Bruno Kassler leaned back in his office chair and shuttered his eyes momentarily. It was his way of dealing with stress, but he didn’t think there was a word that accurately encompassed the weight on his shoulders. Everything—his job, his position, his honor was on the line.
He regarded the telegraph that Becker had transmitted posthaste to Reichsführer Himmler an hour earlier.
Last night, 1 August, 1944, at 22:25 hours, Joseph Engel was kidnapped by four masked men. Suspect Jews or Zionist sympathizers. Will advise on future developments.
Kassler regarded the telephone, expecting it to ring at any moment with Becker announcing that the Reichsführer was on the line.
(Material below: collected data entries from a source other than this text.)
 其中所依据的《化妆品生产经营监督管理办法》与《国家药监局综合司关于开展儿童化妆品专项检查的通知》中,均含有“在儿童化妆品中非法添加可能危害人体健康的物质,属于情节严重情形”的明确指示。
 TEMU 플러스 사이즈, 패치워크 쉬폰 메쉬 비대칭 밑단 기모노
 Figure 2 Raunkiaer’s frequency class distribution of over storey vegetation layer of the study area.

He could save his career by finding the physicist and the perpetrators—maybe his neck too. Although that was questionable.
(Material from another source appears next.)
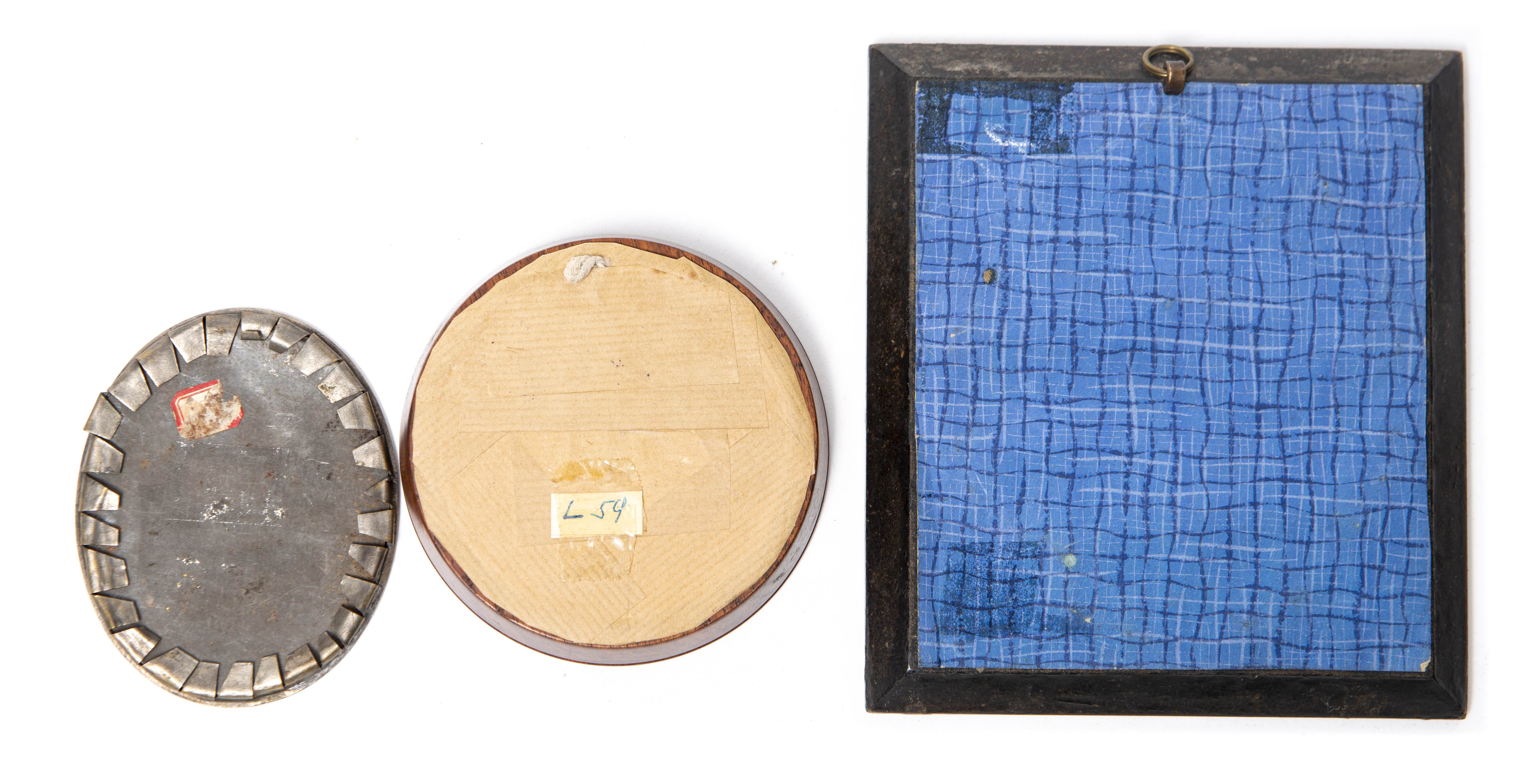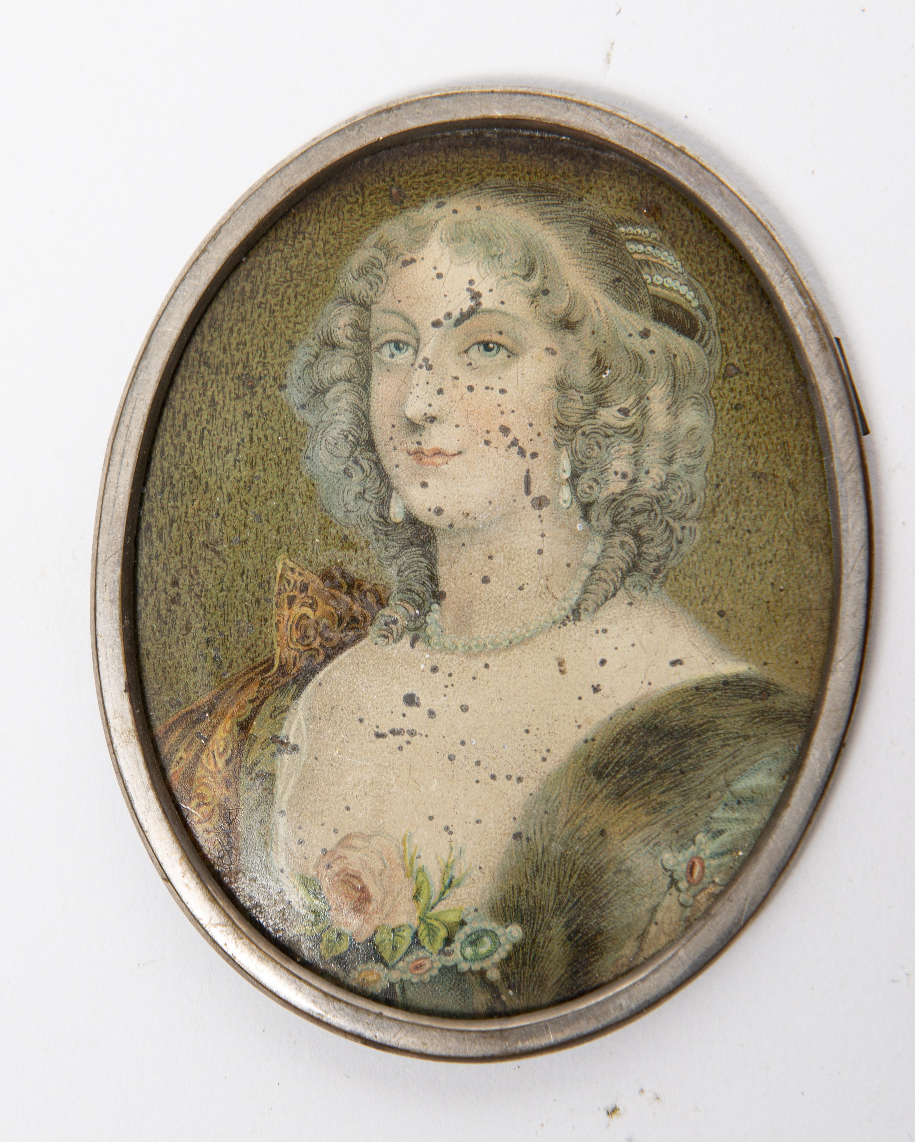 - une miniature ovale. Gouache sur papier représentant une femme coiffée à la manière du début de l'époque victorienne, boucles tombant de chaque côté du visage et chignon sur le dessus de la tête, portant une robe bleu découvrant les épaules à manches bouffantes et une miniature suspendue à son cou par un ruban de dentelles blanches. Signature verticale illisible sur le côté gauche. XIXe.

He had heard the story about Himmler’s nephew, SS 1st Lieutenant Hans Himmler, who’d revealed SS secrets while drunk. Hearing this, his uncle demoted and shipped him off to the Eastern Front as a parachutist. Within six months, Hans Himmler was again charged with making derogatory remarks about the Nazi regime. The second time his loose lips resulted in a one-way trip to the Dachau concentration camp near Munich, where he was finally “liquidated” as a homosexual. In the new Germany, blood
wasn’t
thicker than water.
Kassler shuddered as he pondered his fate for displeasing the Reichsführer. If he were a praying man, he’d pray for help to find those who’d kidnapped Engel.
For the moment, he’d ordered Becker and several other officers to review files of known subversives. Extra roadblocks had been set up within the city proper and all arteries leading outside of Heidelberg. Orders were to search every truck, open every car boot, scatter every load.
Within the hour, a half-dozen Gestapo teams would fan out to interview “suspicious” people in shops and restaurants. In addition, Kassler directed the Heidelberg Polizei to conduct a house-to-house search in districts home to academicians from the University of Heidelberg. Maybe one of their own had pulled off the heist of Engel, although he doubted the intellectuals could have pulled off something as audacious as what happened last night. Either way, it wouldn’t hurt to poke around the elite class who’d never entirely warmed to National Socialism. But if they couldn’t have done it, then who?
How did these impudent traitors pull it off? Where did they get the uniforms?
Kassler couldn’t comprehend how four men dressed up as the Gestapo could brazenly snatch someone of interest just minutes before his arrival. It’s like they
knew
.
The jittery roommate, Hannes Jäger, wasn’t part of the plot, he decided. White with fear, the physicist insisted it was the Gestapo who’d taken his friend, and Kassler sensed no hesitation in Jäger’s description of the abductors or what had transpired.
Jäger had even broken down crying as he described the gun that was placed on his forehead and then lifted into the air and fired into a painting hanging on the wall behind him. The physicist genuinely believed the intruders would kill him. Either that, or Kassler had just witnessed the greatest acting job since Marlene Dietrich in
Blue Angel
.
Kassler rubbed his temples with his left hand. Bleary-eyed, needing sleep, he willed his weary mind to act . . . to do something more than just wait for news from those conducting the interviews or searching apartments and homes close to the university. He reached for the phone.
“Becker, who do we have in custody at the moment?”
“Let me look at the last report I received, sir,” the youthful aide replied.
Kassler heard a rustling of papers over the phone line.
“Ah, there it is. This is surprising, sir. No one is being presently detained. The last prisoner was executed . . . yesterday.”